First solar-based process revealed to safely, efficiently split water

January 8, 2020 |

From Israel, word comes from researchers at the Technion – Israel Institute of Technology and the University of Porto in Portugal who have developed a prototype system for efficient and safe production of hydrogen using only solar energy. 

The details are here in Joule.

The technology breakthrough

The system contains a tandem cell solar device, which enables more efficient utilization of the light spectrum. Some of the sun’s radiation is absorbed in the upper layer, which is made of semi-transparent iron oxide. The radiation that is not absorbed in this layer passes through it and is subsequently absorbed by a photovoltaic cell. Together, the two layers of the system provide the energy needed to decompose the water.

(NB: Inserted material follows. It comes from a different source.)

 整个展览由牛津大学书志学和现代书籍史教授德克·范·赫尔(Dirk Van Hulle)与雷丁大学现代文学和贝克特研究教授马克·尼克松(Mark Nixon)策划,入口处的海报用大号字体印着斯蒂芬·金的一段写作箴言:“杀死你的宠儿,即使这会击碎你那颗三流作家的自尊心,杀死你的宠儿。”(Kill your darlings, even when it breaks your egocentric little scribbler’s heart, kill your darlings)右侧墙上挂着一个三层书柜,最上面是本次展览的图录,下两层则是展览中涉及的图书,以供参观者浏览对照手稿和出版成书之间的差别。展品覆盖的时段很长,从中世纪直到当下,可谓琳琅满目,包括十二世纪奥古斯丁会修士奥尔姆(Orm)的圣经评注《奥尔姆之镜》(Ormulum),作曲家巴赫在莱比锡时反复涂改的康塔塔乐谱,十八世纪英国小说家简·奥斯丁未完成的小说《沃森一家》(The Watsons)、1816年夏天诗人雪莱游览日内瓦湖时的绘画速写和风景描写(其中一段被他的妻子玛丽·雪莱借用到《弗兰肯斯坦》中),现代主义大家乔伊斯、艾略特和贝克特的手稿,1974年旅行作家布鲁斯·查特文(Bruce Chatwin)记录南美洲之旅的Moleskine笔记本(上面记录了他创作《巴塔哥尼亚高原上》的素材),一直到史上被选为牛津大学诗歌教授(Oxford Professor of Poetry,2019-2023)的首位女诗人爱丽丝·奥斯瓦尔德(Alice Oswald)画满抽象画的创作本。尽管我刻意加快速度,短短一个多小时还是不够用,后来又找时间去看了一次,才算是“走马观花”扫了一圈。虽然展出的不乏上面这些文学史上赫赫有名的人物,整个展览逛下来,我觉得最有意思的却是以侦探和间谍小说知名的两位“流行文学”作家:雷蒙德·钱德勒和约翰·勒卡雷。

The innovative system is a continuation of the theoretical breakthrough by the Technion research team, presented in a June 2017 article in Nature Materials. In that article, the researchers introduced a paradigmatic shift in hydrogen production: Instead of one production cell where the water is broken down into hydrogen and oxygen, the researchers developed a system where hydrogen and oxygen are formed in two completely different cells. This development is important in part because mixing oxygen and hydrogen creates an explosive and dangerous interaction. The researchers presented the proof of feasibility in a laboratory system operated with a conventional power source.

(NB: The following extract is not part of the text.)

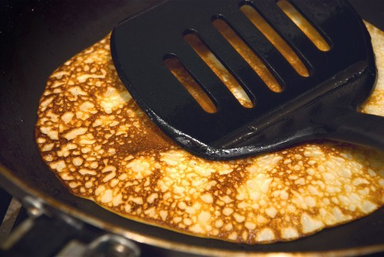 Пшеничная мука 1 стакан Кефир 1 стакан Вода 1 стакан Яйцо куриное 2 штуки Соль ½ чайной ложки Сода на кончике ножа Сахар 1 столовая ложка Растительное масло 2 столовые ложки ИНСТРУКЦИЯ ПРИГОТОВЛЕНИЯ 1. Взбить яйца до появления легкой пены, добавить соль. 2. Влить в яйца стакан кипятка и продолжать взбивать. 3. Затем добавьте стакан кефира. 4. Муку просеять, смешать с содой и по ложке добавить в жидкость. Тщательно размешать, чтобы не образовались комки. Добавить ложку сахара и растительное масло. 5. Взять любимую сковороду для блинов и выпекать на ней тонкие блинчики. Обжаривать с двух сторон до красивого золотисто-коричневого цвета.

Now, in the current study in Joule, the researchers present the realization of the theory in applied development – a photoelectrochemical prototype system that produces hydrogen and oxygen in two separate cells using only sunlight. As part of the experiment approximately 80 working hours (10 days of about 8 hours) were conducted, demonstrating the efficiency of the system in natural sunlight. The experiment was conducted in the Faculty of Chemical Engineering at the Technion.

The Technology Backstory

The most in-vogue alternative to producing hydrogen from fossil natural gas is electrolysis – decomposition of water for hydrogen and oxygen. 

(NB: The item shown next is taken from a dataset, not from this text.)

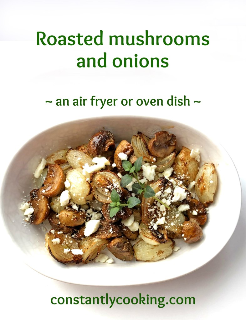 While I am presenting this to you as a great side dish for grilled or roasted meat or fish, to be perfectly honest, it’s also a great standalone meal for brunch or lunch too, that would surely please vegetarians or omnivores. About a dozen medium-sized mushrooms are needed and recipe could easily be doubled. Peeling pearl onions can be a finicky job, but it’s one made much easier if you blanch the onions in boiling water for about 30 seconds and then transfer them to a bowl of ice water and let sit for a minute or two. Pinch each onion at its stem end, and it should just slip out of its skin. Super simple to make in an air fryer, the mushrooms and onions can also be roasted in a 400F oven, but will take a little longer and should be stirred a few times during cooking.

Against this backdrop, the photoelectrochemical process developed, which breaks down the water directly using the sun’s radiation. 

Although here too, there are various technological challenges. For example, the production of hydrogen using the conventional method of electrolysis – the decomposition of water into hydrogen and oxygen in the same production cell – involves risk because the encounter between hydrogen and oxygen leads to an explosion. Moreover, in large-scale solar fields, it is very difficult to produce hydrogen in this configuration. Hence the importance of the current breakthrough presented in Joule.

The researchers hope that academics and industry will continue and advance the system into a commercial product.

The research was supported by the Nancy and Stephen Grand Technion Energy Program (GTEP), funding from U.S. donor Ed Satell, the Adelis Foundation, Ministry of Energy and the European Commission (two ERC grants), and the National Science Foundation PAT Excellence Center.